COLUMBIA JOURNALISM REVIEW: Are Female Journalists Softballing Jill Abramson Because She’s A Woman?

Here’s the thing. I don’t begrudge Abramson the right to pick the journalists she believes will give her the warmest embrace, or will accept her terms for an interview. Why shouldn’t she do that? In this case, she’s not in the role of “journalist,” she’s the newsmaker trying to spin her version of events. And on that score Abramson has a deft touch. She is not only brilliant at overseeing the news, she is also brilliant at managing the news, particularly when it’s about her. In the weeks since her firing, the public relations skirmish looks something like: Abramson 7, The New York Times 0.

But it is an absurd display of credulity and clubbiness on the part of her interviewers to take dictation on whatever Abramson says, to accept her version of highly controversial events surrounding her firing at The Times and then call it a day.

There are plenty of questions still to be asked: What about Abramson’s compensation battles with her bosses and, if true, her extraordinary decision to hire a lawyer when she was the executive editor? What warnings was she given that she might be fired? What did she tell then-managing editor Dean Baquet about the prospect of another managing editor coming in? Is his version of events complete?

I happen to be one who thinks there indeed was a double standard operating in the executive suite at The Times, and that a man would not be dismissed for his management style when his performance as a journalist was unsurpassed. But I was hoping for some better understanding of this issue when Abramson finally started speaking.

I’m beginning to think the details may never come out. Abramson has mainly dodged male reporters. And the male reporters I know would just as soon stay clear of the whole matter anyway. Most men don’t go rushing to cover tempestuous stories of sex discrimination.

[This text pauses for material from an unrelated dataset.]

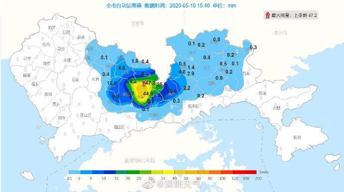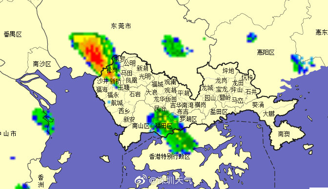 15時(shí)49分:目前降雨云團(tuán)移動(dòng)緩慢,正影響龍崗和龍華地區(qū),請(qǐng)小伙伴們注意防御,盡量減少外出。

That means it’s probably up to female journalists to seek complete answers to an event that’s still of no small importance in some quarters, particularly the quarters containing the young female journalists Abramson says she cares about most.

If female journalists want to be treated equitably, they should abide by their own principles of fairness. That means not giving your own a slide because you think they deserve it. Behaving otherwise is convenient, but it’s not journalism.

If it weren’t for clubby double standards, today’s journalism wouldn’t have any standards at all.